In our discussion of ARRA, another main feature of the Act is its purpose to “stabilize State and local government budgets”. The ARRA was indeed designed “to dampen counterproductive tax increases or budget cuts” by providing state fiscal relief (CEA 2014, Chapter 3). Of the ARRA expenditures, a substantial $143 billion was intergovernmental transfers to state and local governments (CEA 2014, Chapter 3), the largest part of it by increasing the federal matching grants for states’ Medicaid expenditures (Federal Medical Assistance Percentage [FMAP] outlays).

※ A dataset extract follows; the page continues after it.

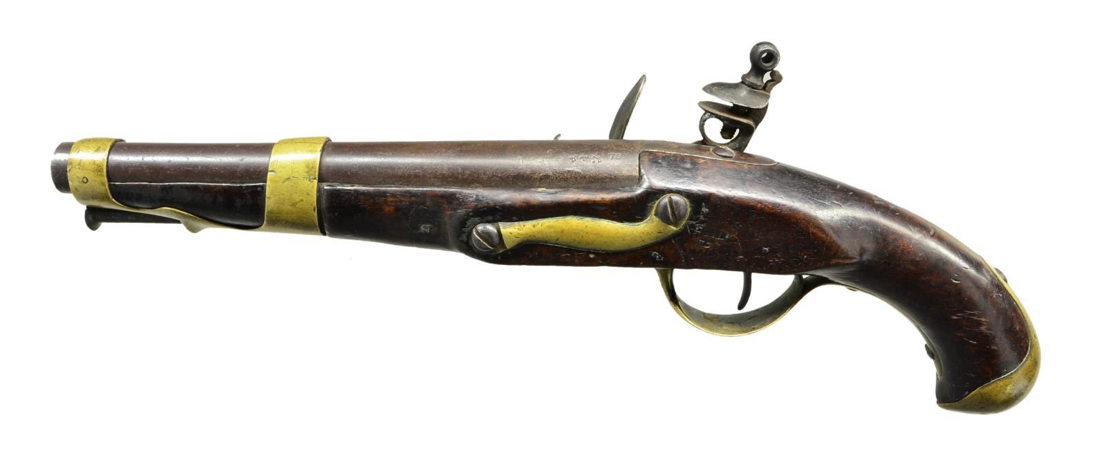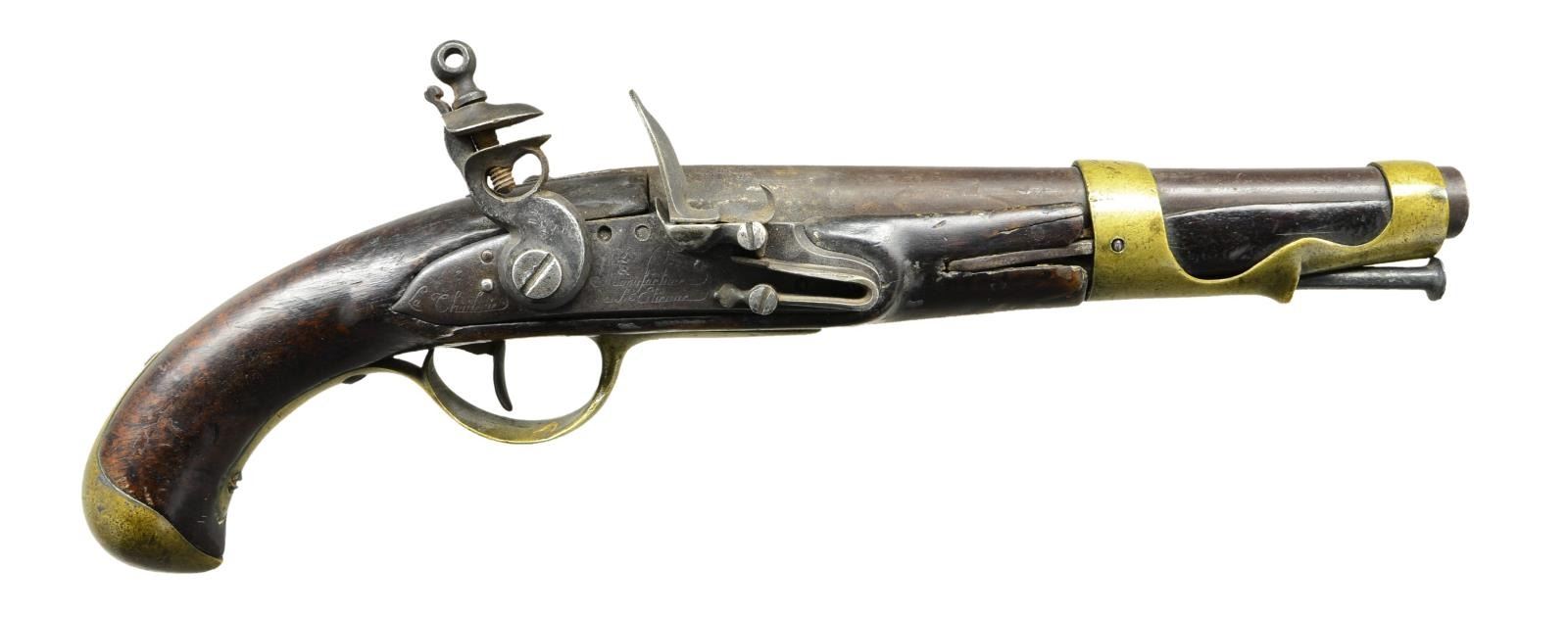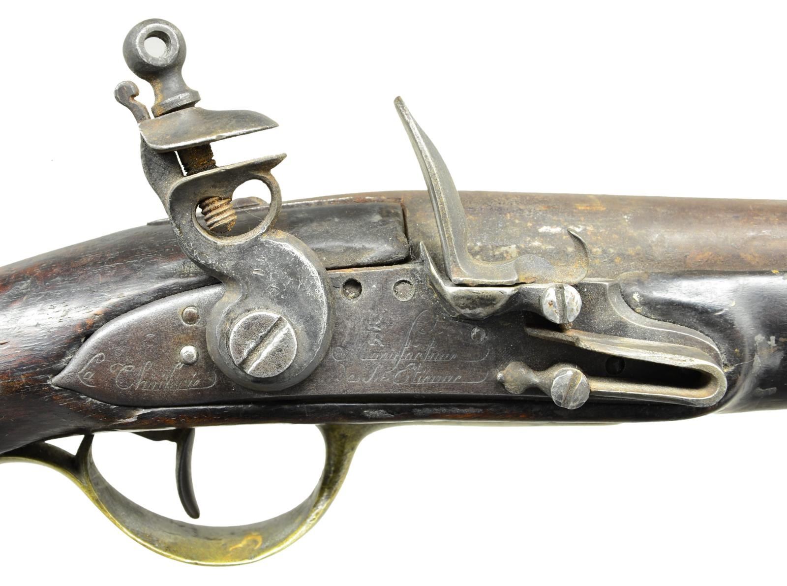 Cal. 65. NSN. Bbl. 9 1/8" w/ smoothbore. Left side of breech end has three French proof marks followed by a date of “75”. Lock has a crown “R” over “Manufacture de St. Entienne”. Behind hammer the lock is marked “Chuilerie”. Band fastened walnut stock. Left ear has several lightly visible markings. Brass fittings include butt cap, trigger guard, side plate & forearm band. Button tip iron ramrod. CONDITION: metal has a dark brown patina showing rust & pitting in breech area. Brass has mottled aged patina. Wood has a dark appearance w/ numerous dents & marks having cracks & chips in forearm area. Sound lock. Dark lightly pitted bore. (01-23050/DS). ANTIQUE. $1,200-1,800.

We make use of the fact that the ARRA can be seen as a natural experiment. Expenditure levels differ per state, and this allows us to check whether states that received more due to ARRA have reached more favorable changes in their economic activity. The increases in the federal matching grants for states’ Medicaid expenditures indeed differ substantially. These grants were paid out quickly and states reported that this money avoided reductions in services (GAO 2009; NASBO 2008). This enables a cross-section econometric strategy to estimate the effects of intergovernmental transfers on economic activity.

A problem with the analysis is that ARRA spending may depend on a state’s economic situation. States which were hit harder and/or which were recovering more slowly might have received more state fiscal relief in the form of FMAP outlays. An ordinary least squares (OLS) estimation of the relationship between the size of the stimulus and its effect on the economy might therefore understate this effect. We address this endogeneity problem following Chodorow-Reich et al. (2012a) by using Medicaid transfers in 2007 as an instrument to isolate the part of the stimulus that is not related to economic circumstances after the crisis. The ARRA stimulus a state received also depended on these 2007 pre-recession transfers, and the identification strategy is to consider the cross-state variation in stimulus spending that results from pre-recession differences in Medicaid transfers.

We use gross domestic product (GDP) at the state level and gross state product (GSP) as a measure of economic activity. The differences in real state growth rates are large. For example, Michigan's GSP decreased by 9.1% in 2009, while Alaska saw an increase of 7.7%. We show that the additional federal Medicaid transfers had a positive effect on economic activity that was statistically significant and economically substantial. This positive effect was robust over time.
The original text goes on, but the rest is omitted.